Vacuum advance calibrations are different between stock engines and modified engines, especially if you have a lot of cam and have relatively low manifold vacuum at idle. Most stock vacuum advance cans aren’t fully-deployed until they see about 15” Hg. Manifold vacuum, so those cans don’t work very well on a modified engine; with less than 15” Hg. at a rough idle, the stock can will “dither” in and out in response to the rapidly-changing manifold vacuum, constantly varying the amount of vacuum advance, which creates an unstable idle. Modified engines with more cam that generate less than 15” Hg. of vacuum at idle need a vacuum advance can that’s fully-deployed at least 1”, preferably 2” of vacuum less than idle vacuum level so idle advance is solid and stable; the Echlin #VC-1810 advance can (about $10 at NAPA) provides the same amount of advance as the stock can (15 degrees), but is fully-deployed at only 8” of vacuum, so there is no variation in idle timing even with a stout cam.

For peak engine performance, driveability, idle cooling and efficiency in a street-driven car, you need vacuum advance, connected to full manifold vacuum. Absolutely. Positively. Don't ask Summit or Jeg's about it – they don’t understand it, they're on commission, and they want to sell "race car" parts.
Title: Re: Timing / Idle Mixture / Vacuum question
Post by: rich weyand on June 10, 2013, 12:29:43 am
Uh, yeah.  Like I said.  :-)  34-36 degrees of total timing (set to 14-16 degrees at idle with a 20*-centrifugal-advance stock distributor) and vacuum advance connected to manifold vacuum.  Yoda says: "Run like a top it will."
Title: Re: Timing / Idle Mixture / Vacuum question
Post by: travisr1988 on June 10, 2013, 11:38:51 pm
Thank you 74 C-10 Shorty, that was very helpful and a great read, I'll switch to a non-ported for my advance now :)
Title: Re: Timing / Idle Mixture / Vacuum question
Post by: 74 C-10 Shorty on June 10, 2013, 11:52:04 pm
Thank you 74 C-10 Shorty, that was very helpful and a great read, I'll switch to a non-ported for my advance now :)
You're quite welcome, glad to be of help.
Title: Re: Timing / Idle Mixture / Vacuum question
Post by: bswilson80 on June 12, 2013, 11:21:42 am
seems that I may have spoken too soon.
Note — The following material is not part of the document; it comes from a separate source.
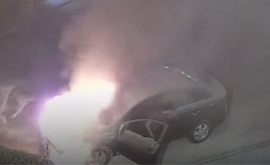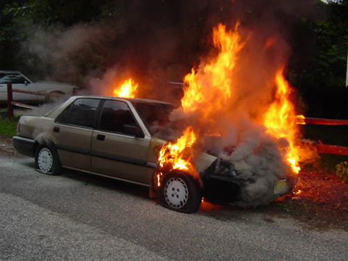 Chiếc ô tô bốc cháy dữ dội trong khi tài xế say rượu ngủ quên bên trong. Những người qua đường đã phải dùng bình cứu hỏa đập vỡ cửa kính ô tô để đánh thức tài xế.

I don't have a permanent tach, so I threw on a temp one yesterday because after switching ports to full vacuum the truck sounded like it was idling too high. It went from about 850 in park (ported vac) to about 1200 (full manifold), and then I checked the timing advance, and in park at idle the advance was up around 55-60, this seems high?

When I lowered idle back down to 850 it ran a little rough, so I tried to smooth it out with the air/fuel mix, it's pretty smooth now, but the timing at idle is still up around 50 degrees and the popping is back, not nearly as frequently as before, but in back nonetheless.

Also, the truck revs really high before violently kicking into the next gear, this started after I switched to full manifold vac.

Without the vacuum advance my timing is 14 degrees at 850 rpm and all-in at 3000rpm with 38 degrees.
Title: Re: Timing / Idle Mixture / Vacuum question
Post by: rich weyand on June 12, 2013, 12:10:11 pm
Distributor centrifugal advance sounds modified; the stock one is 20 degrees all in and you have 24.  That said, 14* BTDC should be OK.  You might back it off to 12* BTDC so that it is 36* BTDC when the centrifugal advance is all in.

A fellow in an adjacent thread found his carburetor step-up pistons and rods were gummed up, affecting performance.  Pull the rods in the Edelbrock and make sure the step-up pistons, the cylinders they sit in, and the rods are all clean.  They gum up within about a year of normal operation.

While you have the rods out, use a magnifying glass and a strong light to read the tiny numbers stamped on the shaft.  Should be something like "6852".
Title: Re: Timing / Idle Mixture / Vacuum question
Post by: bswilson80 on June 12, 2013, 07:45:59 pm
Distributor centrifugal advance sounds modified; the stock one is 20 degrees all in and you have 24.  That said, 14* BTDC should be OK.  You might back it off to 12* BTDC so that it is 36* BTDC when the centrifugal advance is all in.

A fellow in an adjacent thread found his carburetor step-up pistons and rods were gummed up, affecting performance.  Pull the rods in the Edelbrock and make sure the step-up pistons, the cylinders they sit in, and the rods are all clean.  They gum up within about a year of normal operation.

While you have the rods out, use a magnifying glass and a strong light to read the tiny numbers stamped on the shaft.  Should be something like "6852".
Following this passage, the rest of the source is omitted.